Zanzibar import bill falls

ZANZIBAR has posted a big drop in the value of imports for the first time in the past seven months due to the shortage of dollars.

Traders spent Sh115.7 billion on goods ordered from abroad for August 2023 compared with Sh162.9 billion in July, according to the data collected by the Office of Chief Government Statistician.

The 29.0 percent— about Sh47.2 billion— fall has come when global prices of major imports went up because of shortage of dollars.

The drop in import bill was largely attributed by a Sh15.3 billion fall in expenditure on intermediate goods used by manufacturers from Sh52.7billion in the July 2023.

Zanzibar manufacturers largely rely on foreign markets for the supply of materials.

Expenditure on fuel, the main driver of the import bill, also dropped from Sh57.7billion in July to Sh52.7 billion in August.

The fall in value of fuel orders largely mirrors a reduction in prices of Murban crude oil from peaks of about $130 per barrel in March 2022 to about $96 today. Zanzibar imports refined fuel from Murban crude oil, largely from the United Arab Emirates.

The expenditure on food and live animals imports, however, declined to Sh16.3 billion from Sh42.0billion in July on the back of increased price of food products such as sugar and rice.

The price of sugar has increased from less than Sh2,000 to Sh3,000 per kilogramme within a short period of three months this year, as consumers called for government intervention.

Exporters earned Sh6.2 billion in August, dropped by 14.3 percent from Sh7.7 billion in July.

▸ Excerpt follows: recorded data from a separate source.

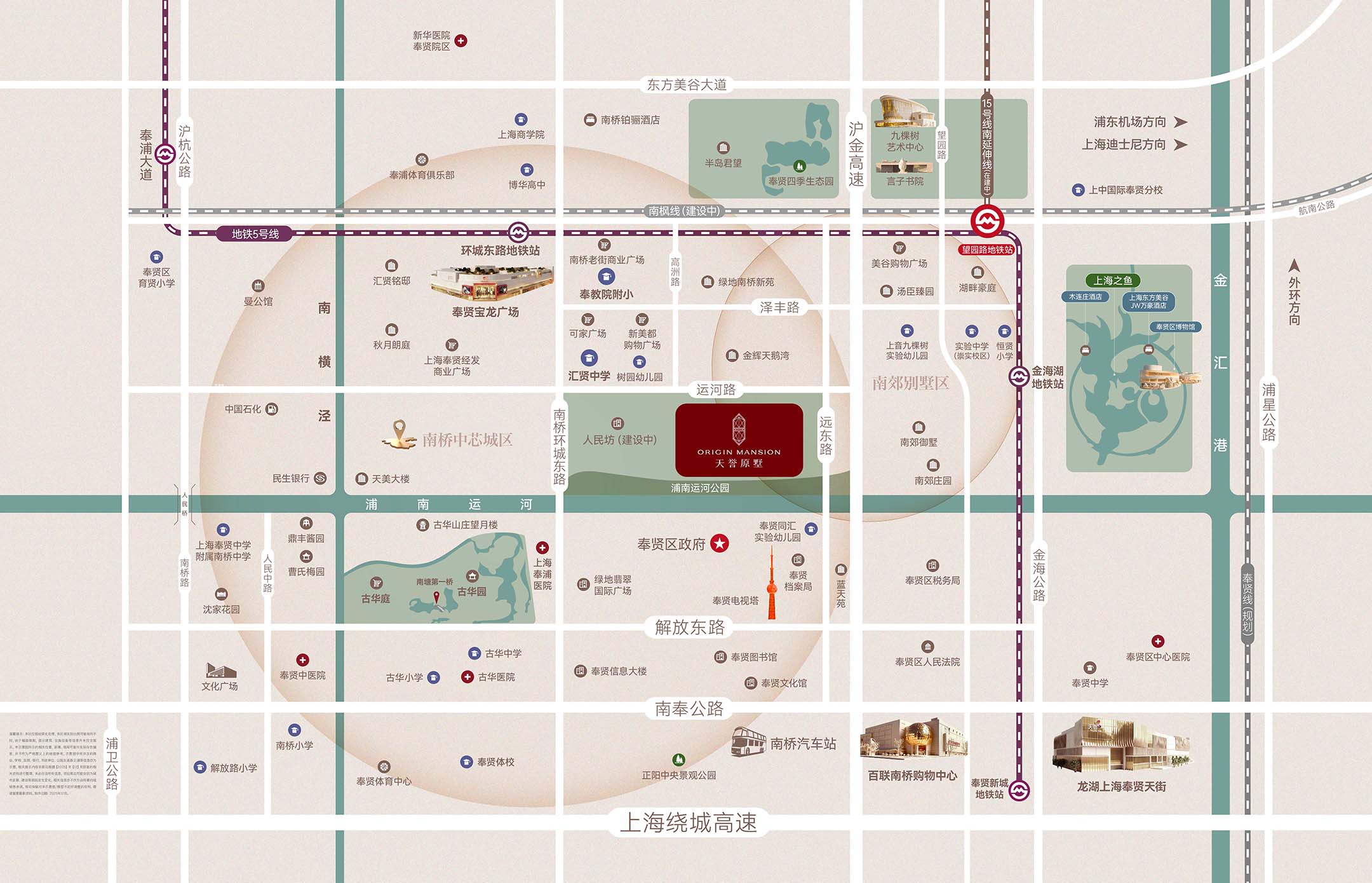 【交通配套】:项目拥享三轨交汇的便捷交通,地铁5号线、在建的15号线延伸段、南枫线。三轨交汇,便捷出行。【商业配套】:近享约25万方综合体金鱼广场(在建)、商业文化综合体在水一方(在建)以及龙湖天街、百联、苏宁、传悦坊、宝龙广场等大型商业综合体,满足运动健康、潮流购物、美食娱乐、亲子活动等需求,赋予国际生活零时差。【教育配套】:距项目直线距离约2公里范围内有上海市奉贤区华亭学校,汇贤中学,奉教院附小,奉贤区实验中学(崇实校区),古华中学,古华小学等[仅列举项目周边学校名称,不作对口承诺,学区划分最终以教育局公布为准」。【医疗配套】:项目周边有上海交通大学附属第六人民医院南院(奉贤中心医院)、国妇婴奉贤院区(三甲)、在建中的复旦大学附属儿童医院(三甲)、在建中的新华医院(三甲),为业主全家人的健康保驾护航。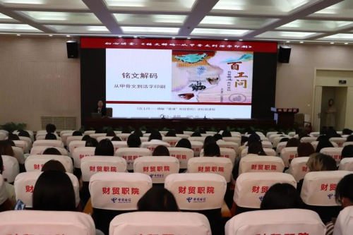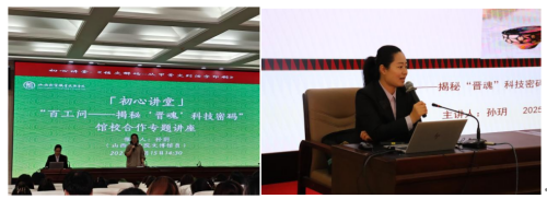 10月15日,文化旅游系与山西博物院依托“初心讲堂”平台,通过“第二课堂”形式,在我院举办以“百工问——揭秘‘晋魂’科技密码”为主题的专题讲座。山西博物院文博馆员孙玥老师担任主讲,以“铭文解码——从甲骨文到活字印刷”为脉络,通过图文并茂的展示和深入浅出的讲解,为同学们揭开了山西历史文化遗产中蕴含的科技智慧。此次讲座由文化旅游系老师闫亚婷主持,共250名学生参加。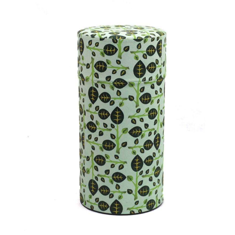 Elegant tea tin wrapped in traditional Japanese “Washi” paper.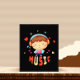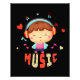 Pequeño chico lindo con notas musicales, corazones y MÚSICA de texto

Income from food products and live animals, Zanzibar’s largest source export by earnings, decreased from Sh4.7 billion in July to Sh3.7billion in August, while machinery and transport equipment exports went down from Sh1.8 billion in July to Sh112.4million in August.

A widening import-export gap also piles some pressure on the shilling as the demand for dollars outstrips the supply.

Zanzibar has over the years struggled to narrow its goods trade deficit partly due to reliance on traditional farm produce exports such as horticulture and rice.